= Beginning of Section =

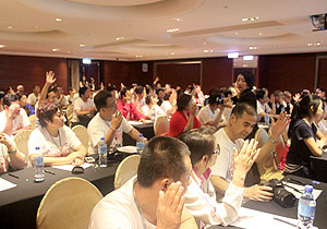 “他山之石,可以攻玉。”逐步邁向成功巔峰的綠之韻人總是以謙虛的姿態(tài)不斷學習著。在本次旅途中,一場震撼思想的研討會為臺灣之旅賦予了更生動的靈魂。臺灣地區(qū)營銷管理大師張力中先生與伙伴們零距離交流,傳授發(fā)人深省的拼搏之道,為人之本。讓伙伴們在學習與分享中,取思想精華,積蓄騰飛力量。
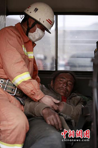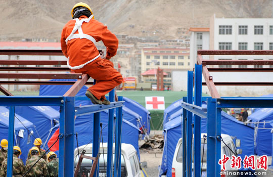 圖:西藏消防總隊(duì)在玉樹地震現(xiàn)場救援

= End of Section =
= Beginning of Section =

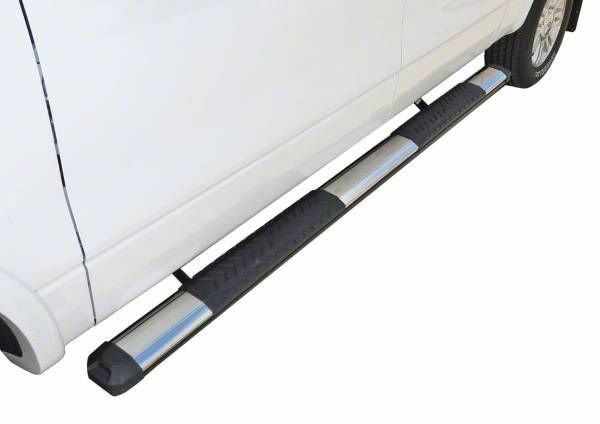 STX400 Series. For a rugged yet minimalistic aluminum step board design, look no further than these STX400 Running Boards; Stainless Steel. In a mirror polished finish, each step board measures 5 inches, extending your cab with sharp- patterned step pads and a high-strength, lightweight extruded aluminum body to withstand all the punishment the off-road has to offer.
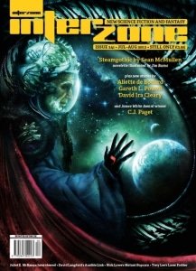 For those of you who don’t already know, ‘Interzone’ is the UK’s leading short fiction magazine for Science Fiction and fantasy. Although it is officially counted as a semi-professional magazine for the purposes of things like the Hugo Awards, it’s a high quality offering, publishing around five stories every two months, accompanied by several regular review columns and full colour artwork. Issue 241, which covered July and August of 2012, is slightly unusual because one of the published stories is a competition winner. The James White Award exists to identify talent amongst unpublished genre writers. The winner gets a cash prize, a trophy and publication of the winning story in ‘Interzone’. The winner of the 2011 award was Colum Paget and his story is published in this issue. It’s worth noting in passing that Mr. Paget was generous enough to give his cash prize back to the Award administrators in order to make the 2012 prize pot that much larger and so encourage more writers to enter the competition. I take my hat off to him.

= End of Section =

REQUIRED ACTION. Working from the data above, repeat exactly, and only, the lines that begin at the line containing "STX400 Series. For" and stop after the line containing "For those of"; pictures are not copied.

PROBLEM SOLUTION.
 STX400 Series. For a rugged yet minimalistic aluminum step board design, look no further than these STX400 Running Boards; Stainless Steel. In a mirror polished finish, each step board measures 5 inches, extending your cab with sharp- patterned step pads and a high-strength, lightweight extruded aluminum body to withstand all the punishment the off-road has to offer.
 For those of you who don’t already know, ‘Interzone’ is the UK’s leading short fiction magazine for Science Fiction and fantasy. Although it is officially counted as a semi-professional magazine for the purposes of things like the Hugo Awards, it’s a high quality offering, publishing around five stories every two months, accompanied by several regular review columns and full colour artwork. Issue 241, which covered July and August of 2012, is slightly unusual because one of the published stories is a competition winner. The James White Award exists to identify talent amongst unpublished genre writers. The winner gets a cash prize, a trophy and publication of the winning story in ‘Interzone’. The winner of the 2011 award was Colum Paget and his story is published in this issue. It’s worth noting in passing that Mr. Paget was generous enough to give his cash prize back to the Award administrators in order to make the 2012 prize pot that much larger and so encourage more writers to enter the competition. I take my hat off to him.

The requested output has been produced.